Комната была большая, и если не считать маленькой кухоньки, она занимала весь первый этаж. В одном ее конце был огромный каменный камин, в котором горел яркий огонь, а рядом с камином маленькая каменная винтовая лесенка вела в спальню на чердаке. Пол был выложен гладкой каменной плиткой, отмытой до белизны. У стен стояли широкие книжные полки, полные книг, на окнах висели яркие красно-белые клетчатые занавески, а стекла были вымыты так, что сияли и отражали свет, как драгоценные камни. Стены были толстые, а глубокие подоконники были заставлены горшками с ярко-розовой геранью.

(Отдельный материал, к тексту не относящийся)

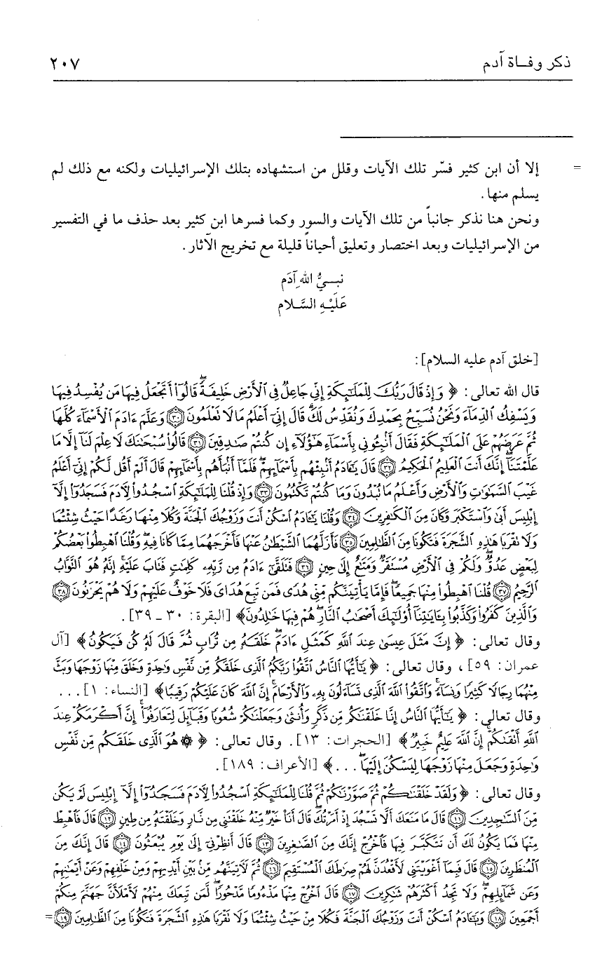 وقال تعالى: {إِنَّ مَثَلَ عِيسَى عِنْدَ اللَّهِ كَمَثَلِ آدَمَ خَلَقَهُ مِنْ تُرَابٍ ثُمَّ قَال لَهُ كُنْ فَيَكُونُ} [آل عمران: ٥٩]، وقال تعالى: {يَا أَيُّهَا النَّاسُ اتَّقُوا رَبَّكُمُ الَّذِي خَلَقَكُمْ مِنْ نَفْسٍ وَاحِدَةٍ وَخَلَقَ مِنْهَا زَوْجَهَا وَبَثَّ مِنْهُمَا رِجَالًا كَثِيرًا وَنِسَاءً وَاتَّقُوا اللَّهَ الَّذِي تَسَاءَلُونَ بِهِ وَالْأَرْحَامَ إِنَّ اللَّهَ كَانَ عَلَيكُمْ رَقِيبًا} [النساء: ١] ...

В центре комнаты стоял дубовый стол, покрытый белой скатертью, на которой красовался красно-белый чайный сервиз. У камина стояла скамья и пара тяжелых дубовых кресел, а больше не было ни мебели, ни даже картин и каких-нибудь украшений. Но комната в них не нуждалась, столько в ней было книг. Аккуратно, без единой пылинки, они стояли на полках и источали такое дружелюбие, что были лучшим украшением комнаты. Мария не сомневалась, что именно Старый Пастор оживил все эти книги, но никак не могла поверить, что такая чистота может быть делом мужских рук.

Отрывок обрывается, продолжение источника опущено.